In this article, Computer World describes an argument made by Microsoft research Danah Boyd that social networks should consider the context in which information is provided, and not re-use the information outside of that context. The argument, to the extent it can be distilled down to one paragraph is as follows:

"You're out joking around with friends and all of a sudden you're being used to advertise something that had nothing to do with what you were joking about with your friends," Boyd said. People don't hold conversations on Facebook for marketing purposes, she said, so it would be incorrect for marketing efforts to capitalize on these conversations.

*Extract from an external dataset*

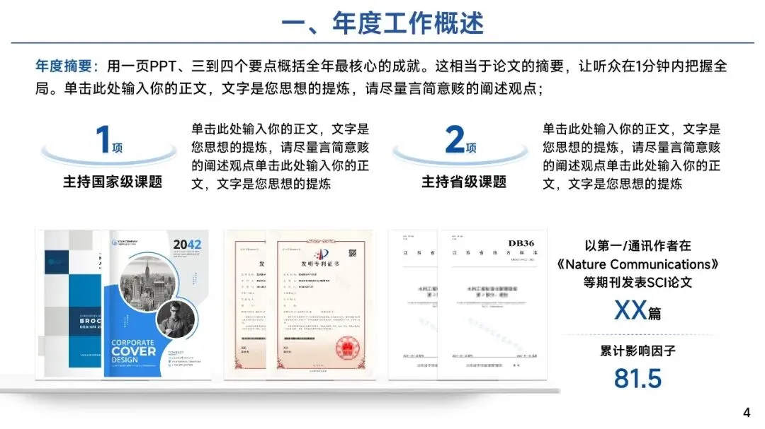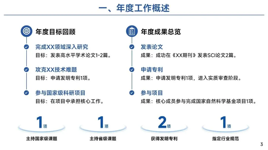 第一页部分:年度工作概述 — 绘制科研全景图

In the article, this concept was described as "relatively new." I'm not sure that that's correct. After all article 6 of the EU Data Privacy Directive provides that

1. Member States shall provide that personal data must be:
(a) processed fairly and lawfully;
(b) collected for specified, explicit and legitimate purposes and not further processed in a way incompatible with those purposes. Further processing of data for historical, statistical or scientific purposes shall not be considered as incompatible provided that Member States provide appropriate safeguards;
(c) adequate, relevant and not excessive in relation to the purposes for which they are collected and/or further processed;
(d) accurate and, where necessary, kept up to date; every reasonable step must be taken to ensure that data which are inaccurate or incomplete, having regard to the purposes for which they were collected or for which they are further processed, are erased or rectified;
(e) kept in a form which permits identification of data subjects for no longer than is necessary for the purposes for which the data were collected or for which they are further processed. Member States shall lay down appropriate safeguards for personal data stored for longer periods for historical, statistical or scientific use.

which appears to be analogous to the concept of recognizing the context in which data is provided when deciding how that data should be used.

Of course, the question of whether an idea is a new one is entirely different from the question of whether the idea is a good one. However, recognizing the similarity between the proposed context limitations on social networks and the EU's data privacy directive can certainly be beneficial in evaluating the merits of the new idea. Specifically, the criticisms of the EU directive (e.g., here) can be examined to see if they also apply to the specific context based limitations, and if context based limitations can somehow be implemented in a way that addresses those criticisms.